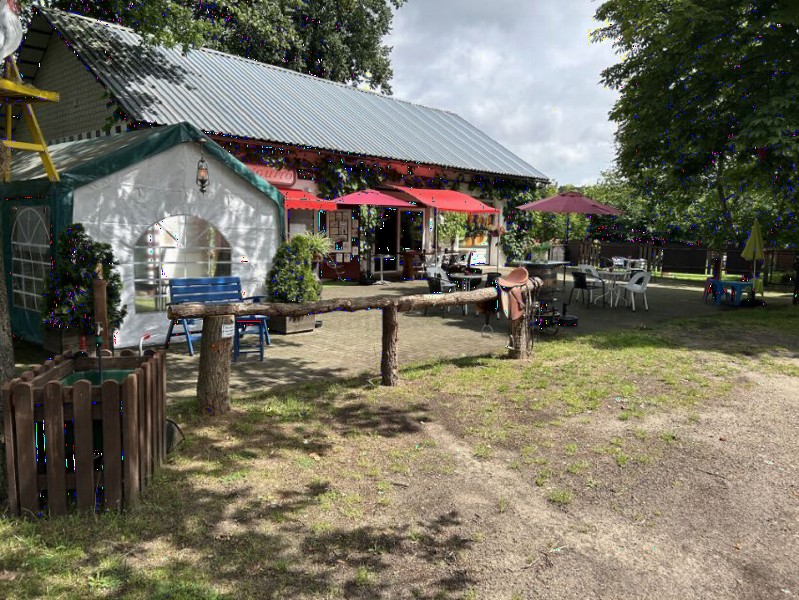 | Anbindemöglichkeit (Balken, Ringe), Bäume Plätze: 6 | Sitzgelegenheiten im Freien, direkte Sicht zu den Pferden Mittagstisch/Warme Küche, Café, Kuchen, Eis, Getränke |
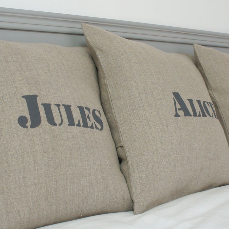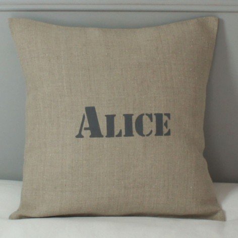Un prénom, un mot ou une ligne de texte est floqué sur cette housse de coussin.
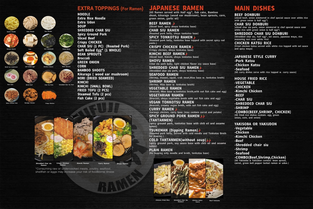 The menu includes other Japanese dishes such as donburi, katsu, curry, fried rice, yakisoba and yakiudon.
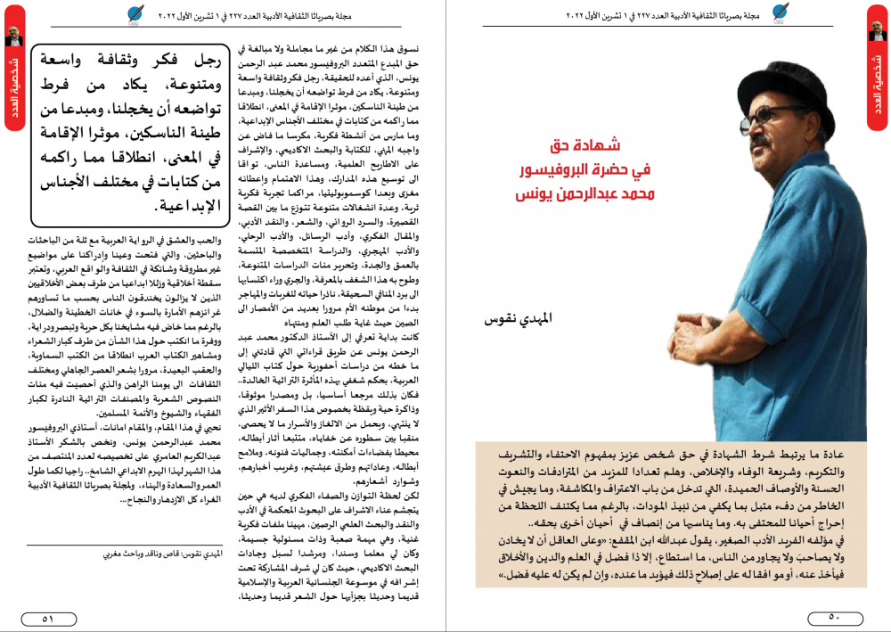 نسوق هذا الكلام من غير ما مجاملة ولا مبالغة في حق المبدع المتعدد البروفيسور محمد عبد الرحمن يونس، الذي أعده للحقيقة، رجل فكر وثقافة واسعة ومتنوعة، يكاد من فرط تواضعه أن يخجلنا، ومبدعا من طينة الناسكين، موثرا الإقامة في المعنى، انطلاقا مما راكمه من كتابات في مختلف الأجناس الإبداعية، وما مارس من أنشطة فكرية، مكرسا ما فاض عن واجبه المهني، للكتابة والبحث الاكاديمي، والإشراف على الاطاريح العلمية، ومساعدة الناس، تواقا الى توسيع هذه المدارك، وهذا الاهتمام وإعطائه مغزى وبعدا كوسموبوليتيا، مراكما تجربة فكرية ثرية، وعدة انشغالات متنوعة تتوزع ما بين القصة القصيرة، والسرد الروائي، والشعر، والنقد الأدبي، والمقال الفكري، وأدب الرسائل، والأدب الرحلي، والأدب المهجري، والدراسة المتخصصة المتسمة بالعمق والجدة، وتحرير مئات الدراسات المتنوعة، وطوح به هذا الشغف بالمعرفة، والجري وراء اكتسابها الى برد المنافي السحيقة، ناذرا حياته للغربات والمهاجر بدءا من موطنه الأم مرورا بعديد من الأمصار الى الصين حيث غاية طلب العلم ومنتهاه
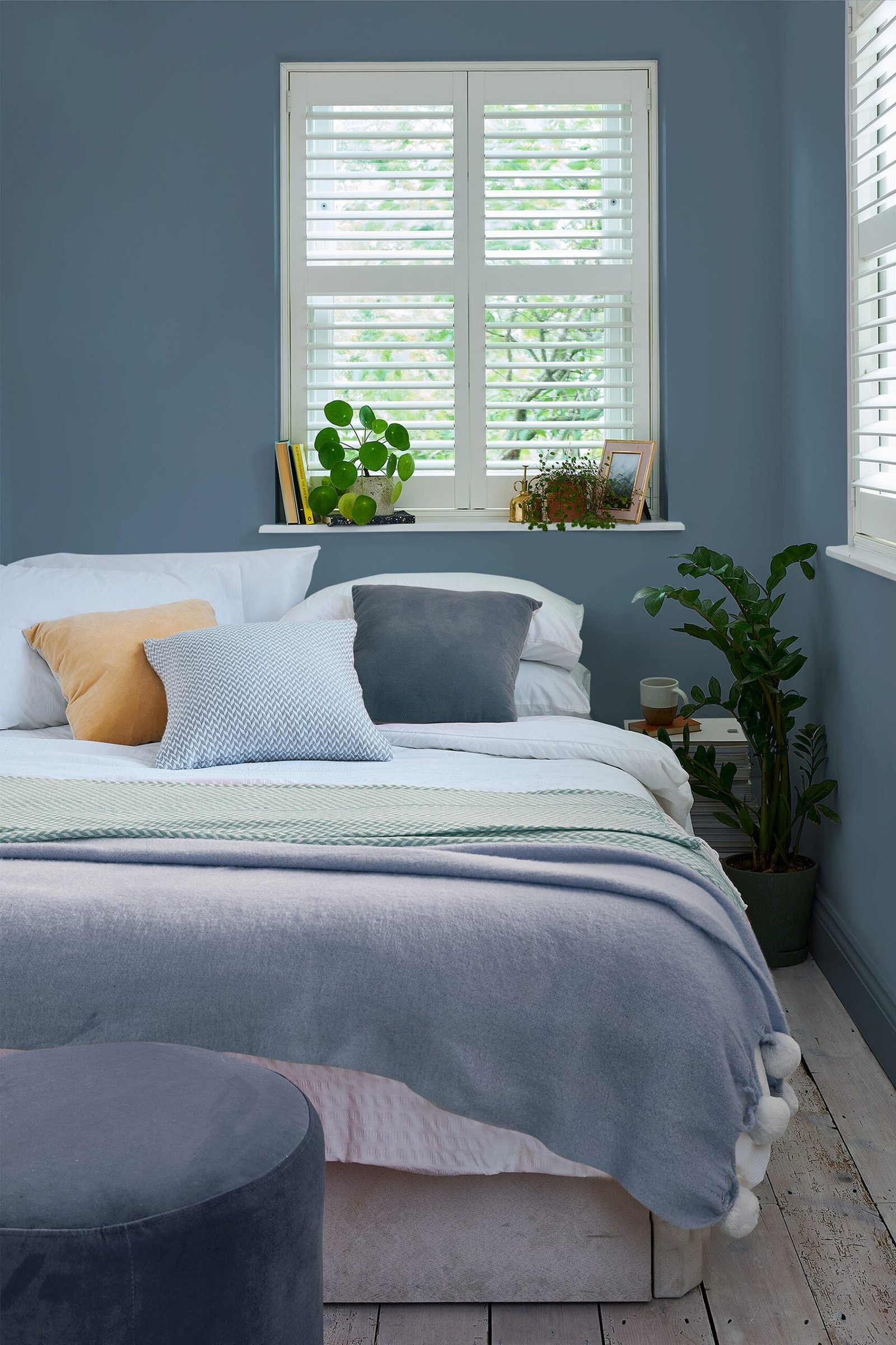 A fresh, marine tone of blue. It will refresh your interior and bring you lots of sunny mood and energy. It is perfectly combined with wallpapers of this tone, as well as with all decorative elements in the same color, emphasizing and complementing them. It has a soft matte finish and is suitable for interiors only. Made in the United Kingdom.

WHAT YOU WILL DO:
Return every entry above word for word, leaving pictures out.

TASK RESPONSE:
 | Anbindemöglichkeit (Balken, Ringe), Bäume Plätze: 6 | Sitzgelegenheiten im Freien, direkte Sicht zu den Pferden Mittagstisch/Warme Küche, Café, Kuchen, Eis, Getränke |
Un prénom, un mot ou une ligne de texte est floqué sur cette housse de coussin.
 The menu includes other Japanese dishes such as donburi, katsu, curry, fried rice, yakisoba and yakiudon.
 نسوق هذا الكلام من غير ما مجاملة ولا مبالغة في حق المبدع المتعدد البروفيسور محمد عبد الرحمن يونس، الذي أعده للحقيقة، رجل فكر وثقافة واسعة ومتنوعة، يكاد من فرط تواضعه أن يخجلنا، ومبدعا من طينة الناسكين، موثرا الإقامة في المعنى، انطلاقا مما راكمه من كتابات في مختلف الأجناس الإبداعية، وما مارس من أنشطة فكرية، مكرسا ما فاض عن واجبه المهني، للكتابة والبحث الاكاديمي، والإشراف على الاطاريح العلمية، ومساعدة الناس، تواقا الى توسيع هذه المدارك، وهذا الاهتمام وإعطائه مغزى وبعدا كوسموبوليتيا، مراكما تجربة فكرية ثرية، وعدة انشغالات متنوعة تتوزع ما بين القصة القصيرة، والسرد الروائي، والشعر، والنقد الأدبي، والمقال الفكري، وأدب الرسائل، والأدب الرحلي، والأدب المهجري، والدراسة المتخصصة المتسمة بالعمق والجدة، وتحرير مئات الدراسات المتنوعة، وطوح به هذا الشغف بالمعرفة، والجري وراء اكتسابها الى برد المنافي السحيقة، ناذرا حياته للغربات والمهاجر بدءا من موطنه الأم مرورا بعديد من الأمصار الى الصين حيث غاية طلب العلم ومنتهاه
 A fresh, marine tone of blue. It will refresh your interior and bring you lots of sunny mood and energy. It is perfectly combined with wallpapers of this tone, as well as with all decorative elements in the same color, emphasizing and complementing them. It has a soft matte finish and is suitable for interiors only. Made in the United Kingdom.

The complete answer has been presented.